- Conference: Southern Intercollegiate Athletic Association
- Record: 5–3 (1–2 SIAA)
- Head coach: Kennon Mott (1st season);
- Captain: A. H. Cox

= 1918–19 Georgia Bulldogs basketball team =

American college basketball season

The 1918–19 Georgia Bulldogs basketball team represented the University of Georgia as a member of the Southern Intercollegiate Athletic Association (SIAA) during the 1918–19 NCAA men's basketball season. Led by Kennon Mott in first and only season as head coach, the Bulldogs compiled an overall record of 5–3 with a mark of 1–2 in conference play.
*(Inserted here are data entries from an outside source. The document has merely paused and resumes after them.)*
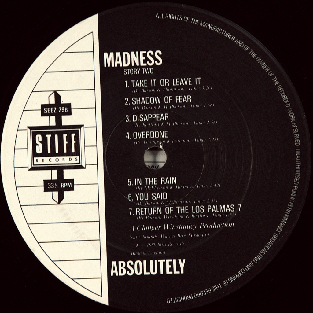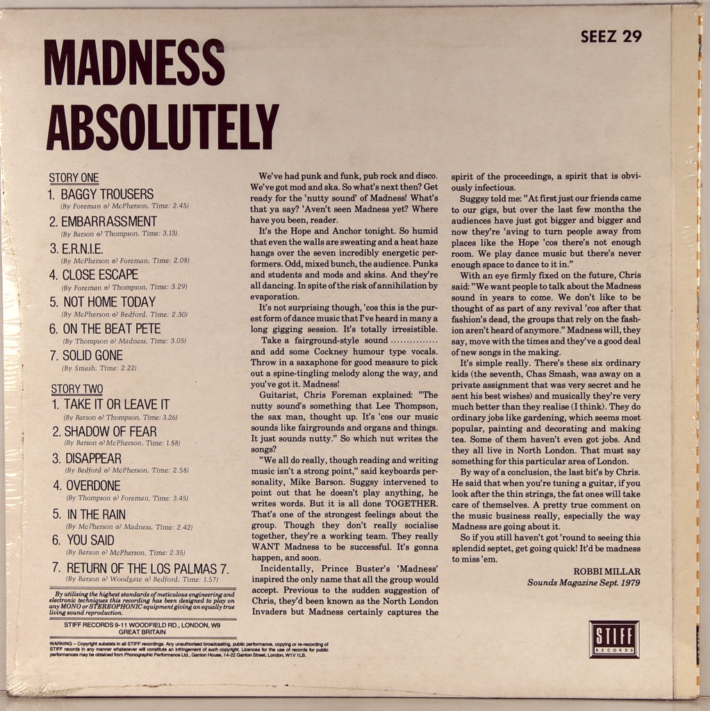 MADNESS-ABSOLUTELY-1980-THE FIRST UK-STIFF-SEEZ29 PRESS. A rare British original of the cult album. Absolute is the second album by the British ska band Madness released in 1980. The album reached number 2 in the UK charts. Absolute spawned some of the band's biggest hits, most notably "BaggyPants", which peaked at number 3 in the UK and spent over four months on the singles chart. "Confusion" took 4th place, and the instrumental "The Return of the Los Palmas 7" rose to 7th place. Although reviews of the album, as a rule, were less enthusiastic than those of One Step Beyond...
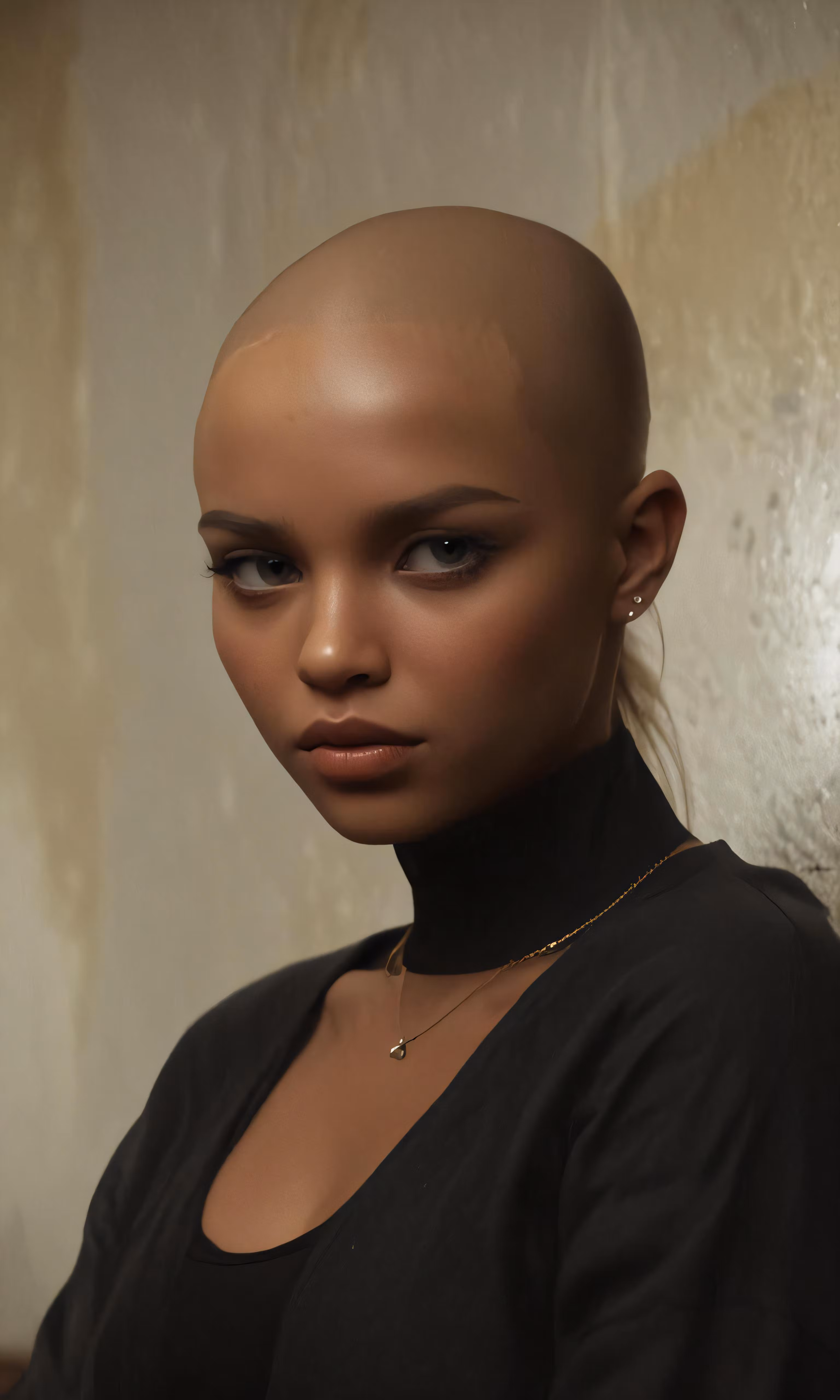 High resolution picture, free to use, a black model in a black top looks straight ahead
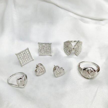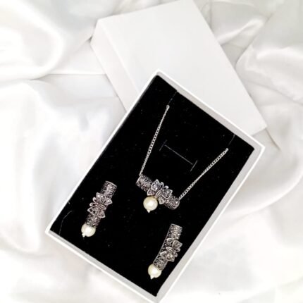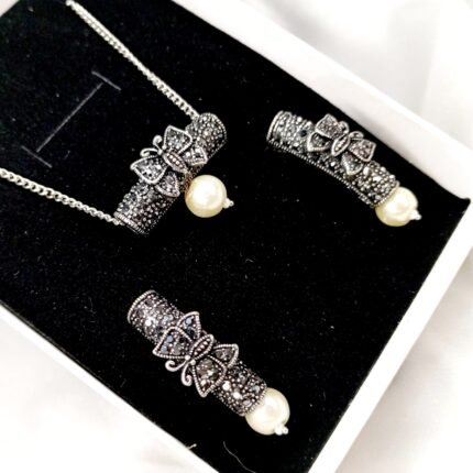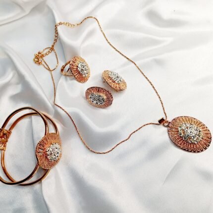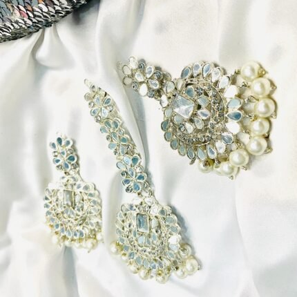Indian Rose Gold Silver style Set with Earrings and Hand Cuff

The team captain was A. H. Cox.

==Schedule==

| Date time, TV | Opponent | Result | Record | Site city, state |
| 1/17/1919* | Auburn | L 20–25 | 0–1 | Athens, GA |
| 1/25/1919* | Macon YMCA | W 51–20 | 1–1 | Athens, GA |
| 1/29/1919* | at Auburn | L 22–35 | 1–2 | The Gymnasium Auburn, AL |
| 1/31/1919* | Clemson | W 31–12 | 2–2 | Athens, GA |
| 2/3/1919* | at Macon YMCA | W 39–33 | 3–2 |  |
| 2/8/1919* | Birmingham A.C. | W 36–12 | 4–2 | Athens, GA |
| 2/22/1919* | A.A.C. | W 27–22 | 5–2 | Athens, GA |
| 3/1/1919* | at A.A.C | L 15–32 | 5–3 |  |
*Non-conference game. (#) Tournament seedings in parentheses.